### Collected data

##############################

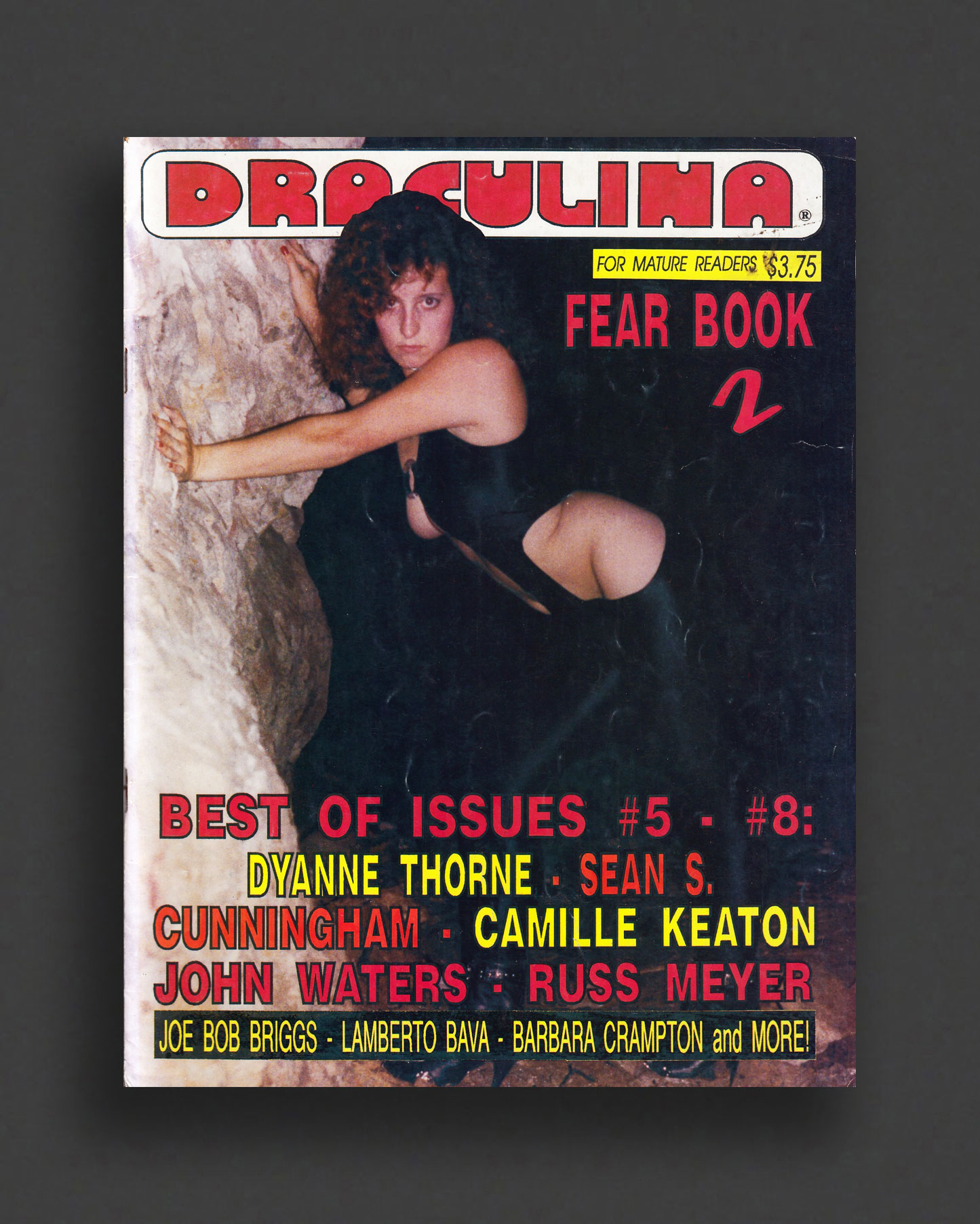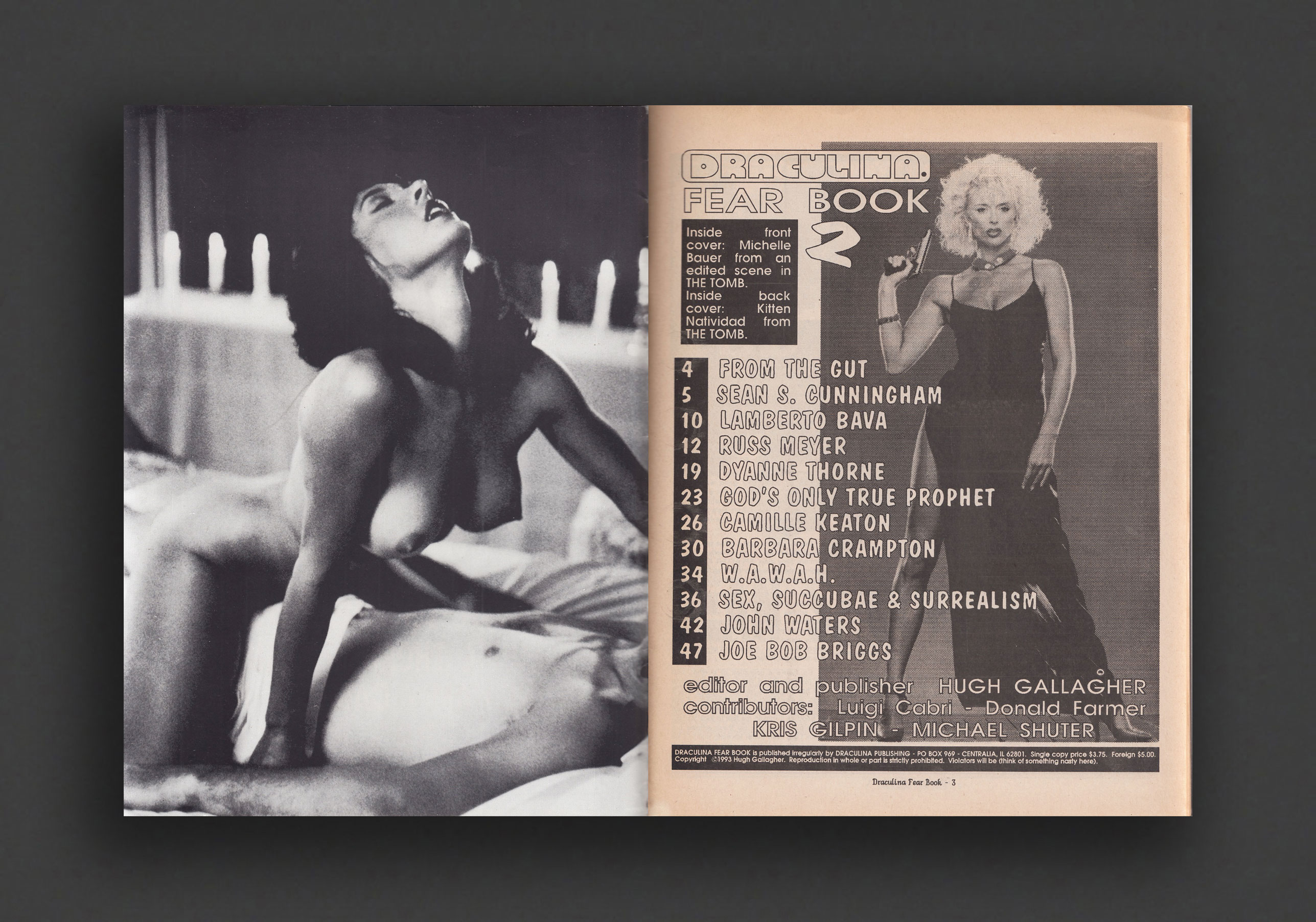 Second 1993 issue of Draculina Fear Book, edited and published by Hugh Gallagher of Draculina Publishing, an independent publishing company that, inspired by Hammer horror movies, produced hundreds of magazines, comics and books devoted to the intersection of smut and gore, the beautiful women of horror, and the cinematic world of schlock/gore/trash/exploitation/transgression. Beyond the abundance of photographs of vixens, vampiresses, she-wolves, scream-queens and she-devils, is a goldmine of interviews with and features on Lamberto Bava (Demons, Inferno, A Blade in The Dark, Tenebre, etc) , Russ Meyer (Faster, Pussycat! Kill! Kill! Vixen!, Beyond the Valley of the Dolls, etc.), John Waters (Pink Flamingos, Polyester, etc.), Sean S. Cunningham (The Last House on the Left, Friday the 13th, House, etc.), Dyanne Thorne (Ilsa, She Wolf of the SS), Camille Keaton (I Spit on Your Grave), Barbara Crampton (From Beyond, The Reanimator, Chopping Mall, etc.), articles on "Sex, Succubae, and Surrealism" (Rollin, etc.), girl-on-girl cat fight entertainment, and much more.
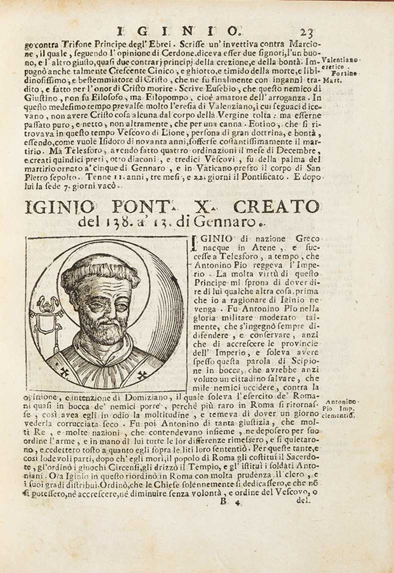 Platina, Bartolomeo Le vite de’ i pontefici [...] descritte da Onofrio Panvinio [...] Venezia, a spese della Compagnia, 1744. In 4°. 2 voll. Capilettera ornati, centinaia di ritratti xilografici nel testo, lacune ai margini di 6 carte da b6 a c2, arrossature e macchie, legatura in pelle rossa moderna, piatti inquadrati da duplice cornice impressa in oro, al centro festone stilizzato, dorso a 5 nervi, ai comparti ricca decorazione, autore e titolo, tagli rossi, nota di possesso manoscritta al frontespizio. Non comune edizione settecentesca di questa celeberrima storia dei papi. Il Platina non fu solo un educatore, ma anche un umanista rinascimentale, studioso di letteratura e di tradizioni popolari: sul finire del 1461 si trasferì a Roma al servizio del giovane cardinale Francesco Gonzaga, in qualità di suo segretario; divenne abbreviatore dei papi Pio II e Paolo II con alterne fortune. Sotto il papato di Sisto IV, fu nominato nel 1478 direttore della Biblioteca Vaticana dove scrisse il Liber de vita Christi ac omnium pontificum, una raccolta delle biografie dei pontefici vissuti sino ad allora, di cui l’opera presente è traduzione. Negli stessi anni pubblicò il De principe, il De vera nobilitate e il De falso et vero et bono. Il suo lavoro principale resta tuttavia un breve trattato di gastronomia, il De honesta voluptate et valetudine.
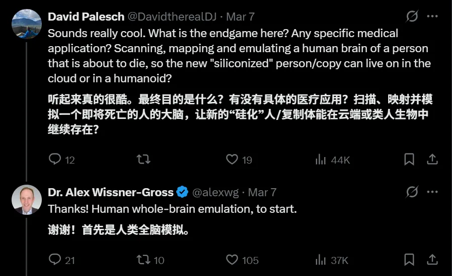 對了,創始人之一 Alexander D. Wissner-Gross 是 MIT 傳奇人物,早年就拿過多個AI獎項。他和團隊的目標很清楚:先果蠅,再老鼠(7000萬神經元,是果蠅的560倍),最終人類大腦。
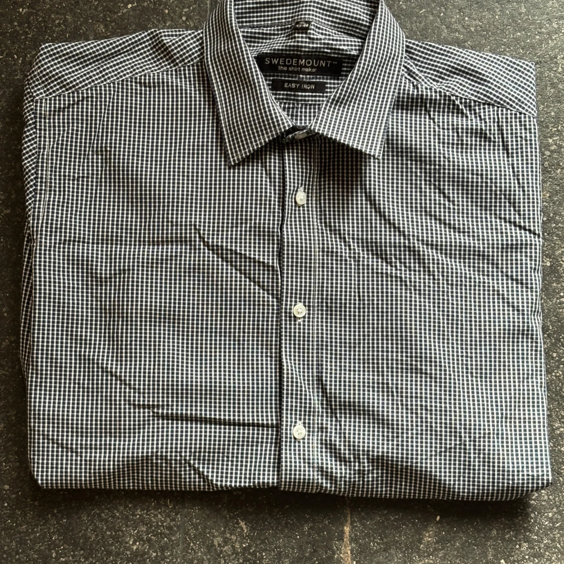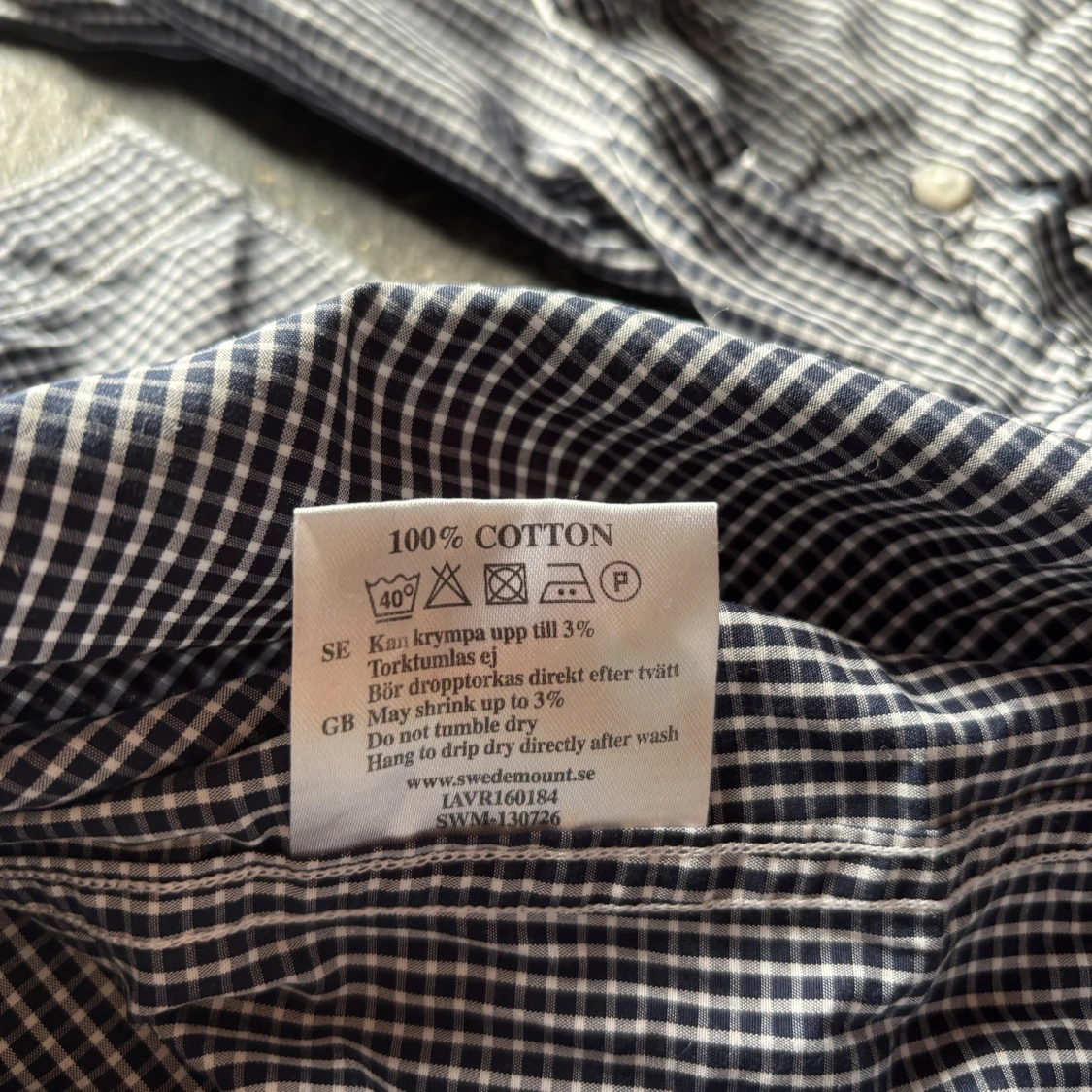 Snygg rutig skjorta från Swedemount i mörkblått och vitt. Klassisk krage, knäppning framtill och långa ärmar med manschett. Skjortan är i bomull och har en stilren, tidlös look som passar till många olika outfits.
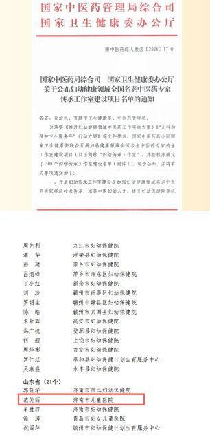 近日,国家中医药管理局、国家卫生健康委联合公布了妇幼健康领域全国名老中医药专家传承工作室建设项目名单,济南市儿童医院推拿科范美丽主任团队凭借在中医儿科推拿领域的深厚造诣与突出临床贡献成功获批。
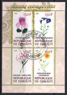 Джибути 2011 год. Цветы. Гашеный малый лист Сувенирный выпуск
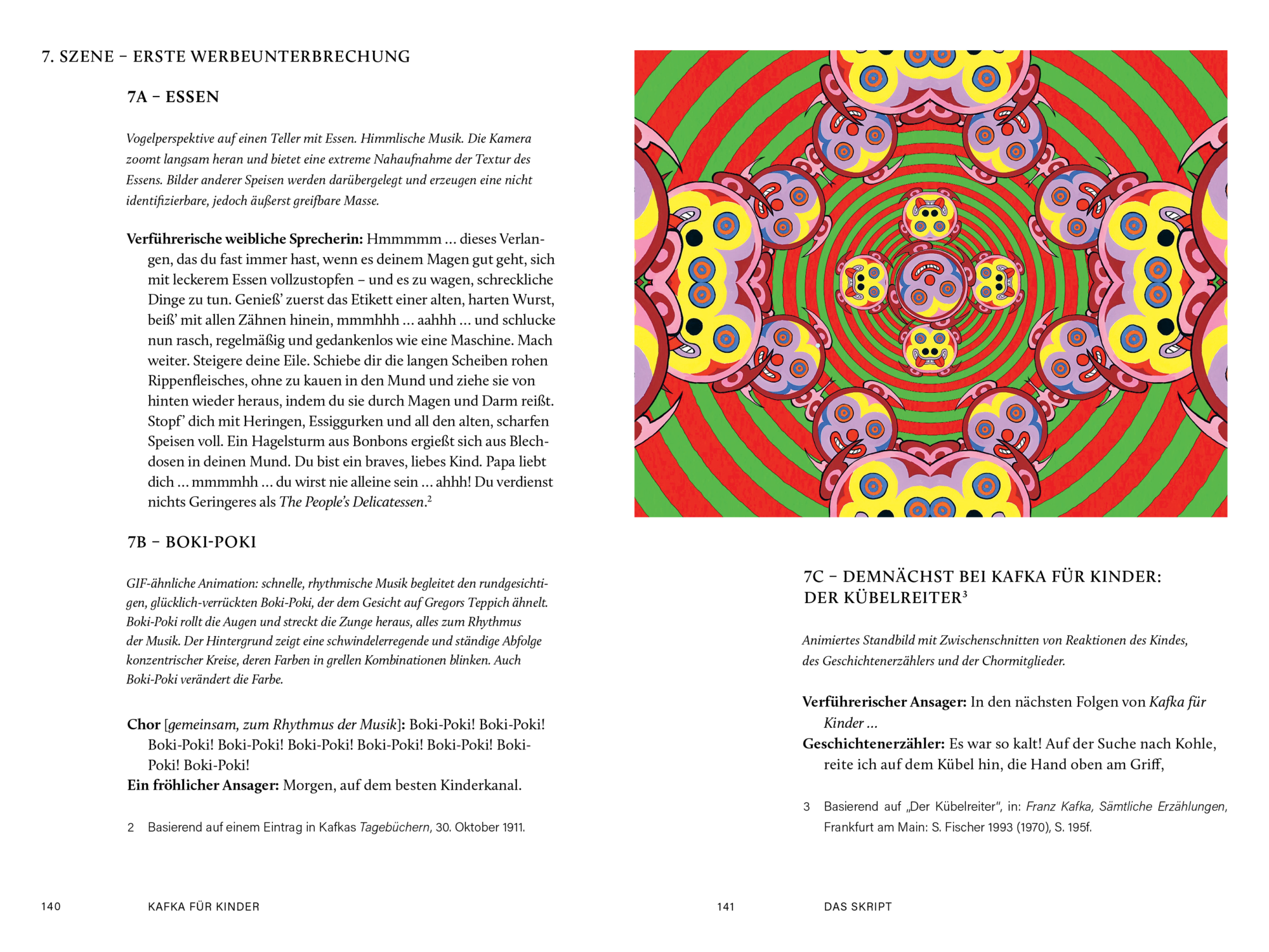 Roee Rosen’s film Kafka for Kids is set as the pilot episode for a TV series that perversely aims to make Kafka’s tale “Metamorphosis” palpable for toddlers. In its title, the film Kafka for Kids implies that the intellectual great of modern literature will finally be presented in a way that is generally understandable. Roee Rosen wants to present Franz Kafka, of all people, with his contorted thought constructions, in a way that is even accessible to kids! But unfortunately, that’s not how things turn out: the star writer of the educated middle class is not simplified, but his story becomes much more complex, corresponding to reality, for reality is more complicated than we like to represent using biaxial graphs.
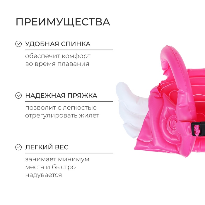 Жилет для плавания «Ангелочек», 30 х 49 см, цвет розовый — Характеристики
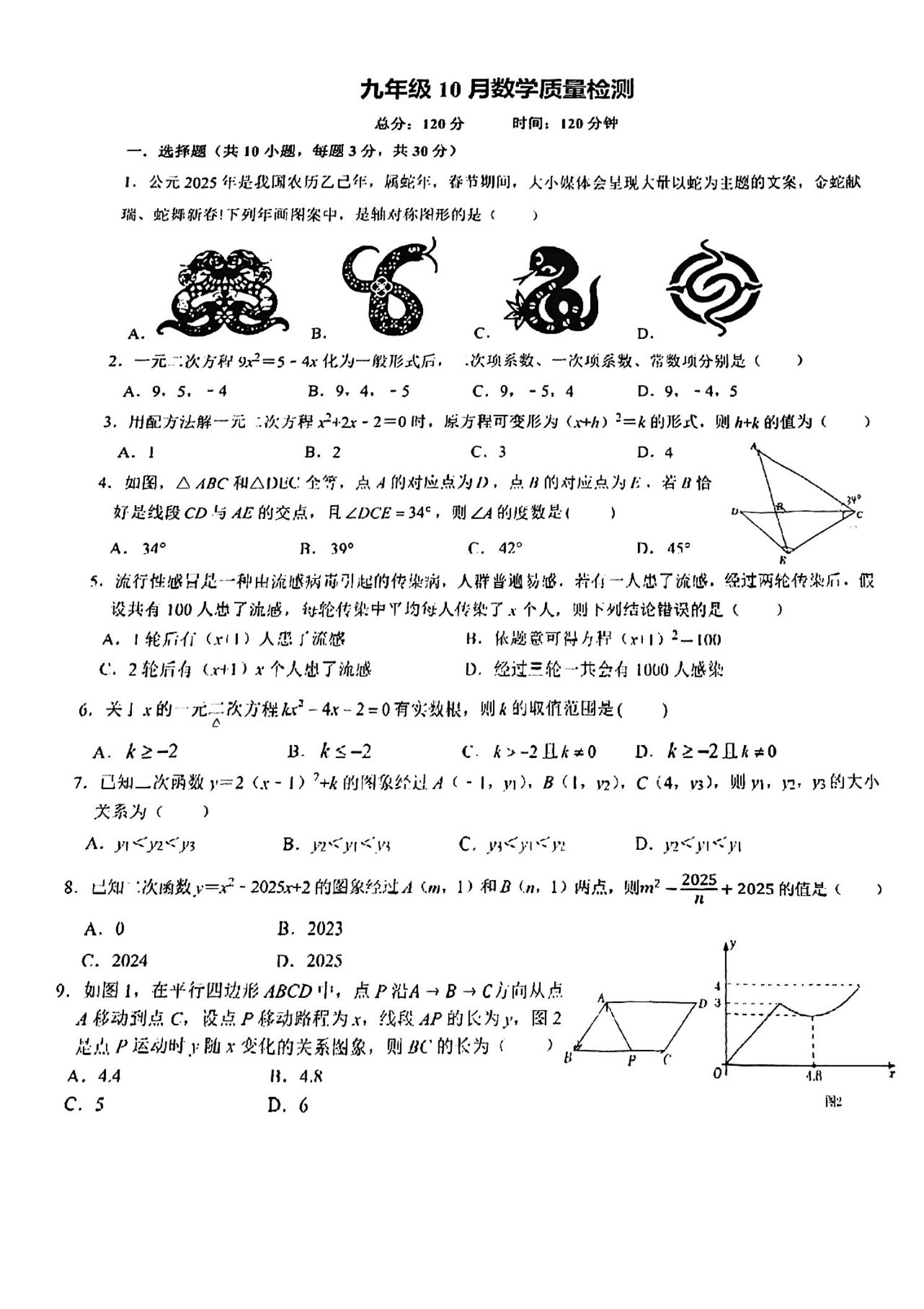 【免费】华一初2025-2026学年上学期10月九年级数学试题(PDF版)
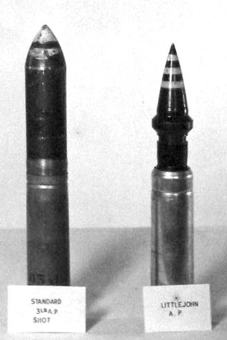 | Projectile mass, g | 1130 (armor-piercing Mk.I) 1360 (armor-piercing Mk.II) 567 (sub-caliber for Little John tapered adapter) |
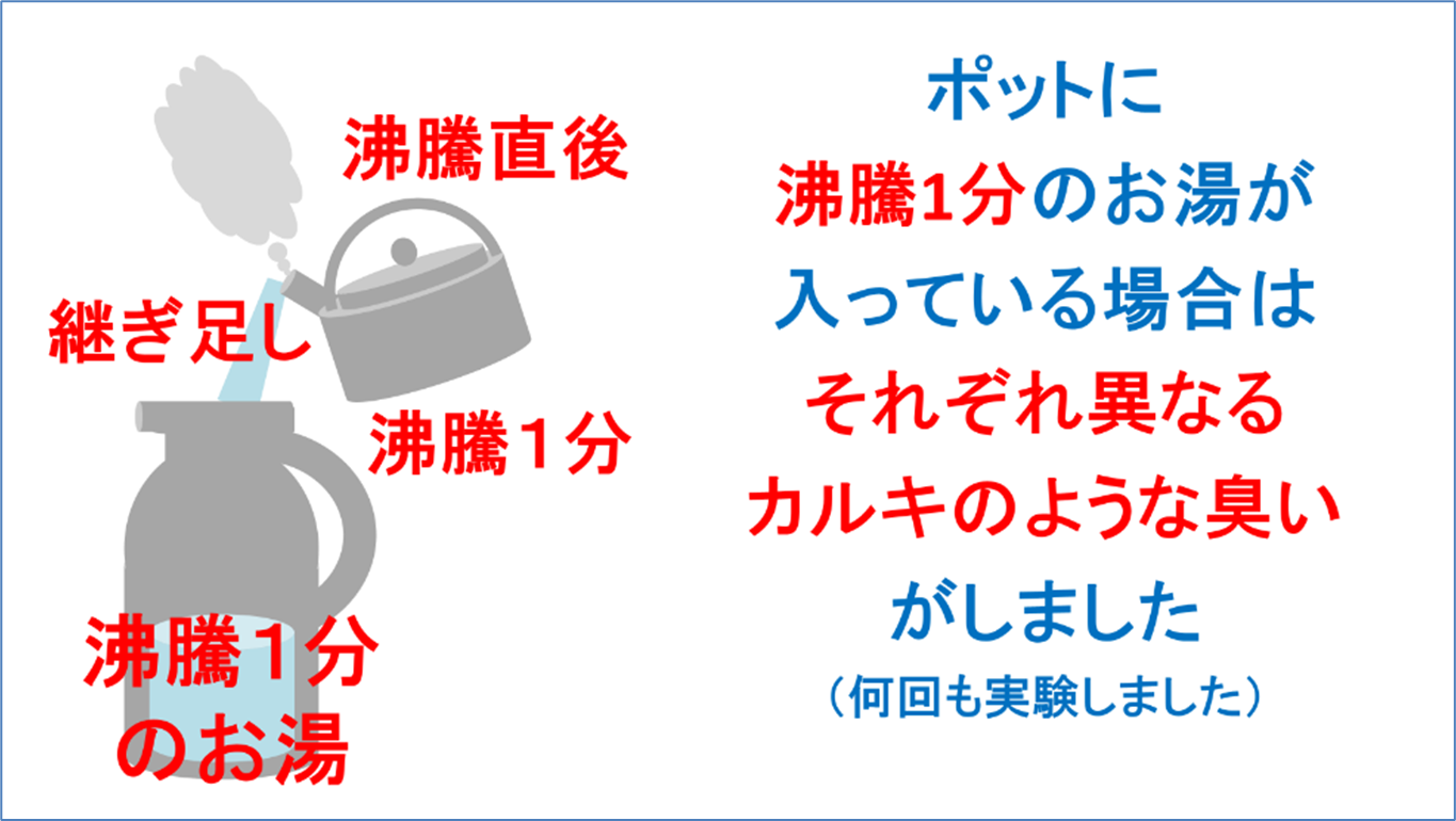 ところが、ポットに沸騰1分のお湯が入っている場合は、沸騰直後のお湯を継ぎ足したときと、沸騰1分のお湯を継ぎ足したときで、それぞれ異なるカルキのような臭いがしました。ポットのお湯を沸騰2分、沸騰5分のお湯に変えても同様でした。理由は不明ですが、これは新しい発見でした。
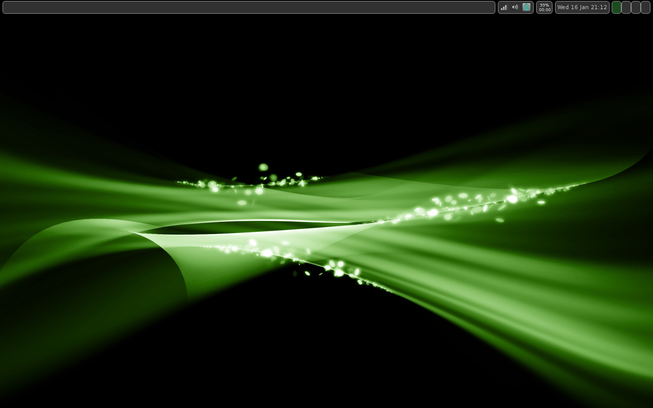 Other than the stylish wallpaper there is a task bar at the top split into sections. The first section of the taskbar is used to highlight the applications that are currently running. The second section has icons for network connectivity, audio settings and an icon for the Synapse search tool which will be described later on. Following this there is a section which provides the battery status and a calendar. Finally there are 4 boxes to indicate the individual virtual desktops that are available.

##############################

### Task requirements
In the data above, retype only the stretch from the line with "Snygg rutig skjorta" through the line with "ところが、ポットに沸騰1分の", word for word, and skip any pictures.

### Solution below
 Snygg rutig skjorta från Swedemount i mörkblått och vitt. Klassisk krage, knäppning framtill och långa ärmar med manschett. Skjortan är i bomull och har en stilren, tidlös look som passar till många olika outfits.
 近日,国家中医药管理局、国家卫生健康委联合公布了妇幼健康领域全国名老中医药专家传承工作室建设项目名单,济南市儿童医院推拿科范美丽主任团队凭借在中医儿科推拿领域的深厚造诣与突出临床贡献成功获批。
 Джибути 2011 год. Цветы. Гашеный малый лист Сувенирный выпуск
 Roee Rosen’s film Kafka for Kids is set as the pilot episode for a TV series that perversely aims to make Kafka’s tale “Metamorphosis” palpable for toddlers. In its title, the film Kafka for Kids implies that the intellectual great of modern literature will finally be presented in a way that is generally understandable. Roee Rosen wants to present Franz Kafka, of all people, with his contorted thought constructions, in a way that is even accessible to kids! But unfortunately, that’s not how things turn out: the star writer of the educated middle class is not simplified, but his story becomes much more complex, corresponding to reality, for reality is more complicated than we like to represent using biaxial graphs.
 Жилет для плавания «Ангелочек», 30 х 49 см, цвет розовый — Характеристики
 【免费】华一初2025-2026学年上学期10月九年级数学试题(PDF版)
 | Projectile mass, g | 1130 (armor-piercing Mk.I) 1360 (armor-piercing Mk.II) 567 (sub-caliber for Little John tapered adapter) |
 ところが、ポットに沸騰1分のお湯が入っている場合は、沸騰直後のお湯を継ぎ足したときと、沸騰1分のお湯を継ぎ足したときで、それぞれ異なるカルキのような臭いがしました。ポットのお湯を沸騰2分、沸騰5分のお湯に変えても同様でした。理由は不明ですが、これは新しい発見でした。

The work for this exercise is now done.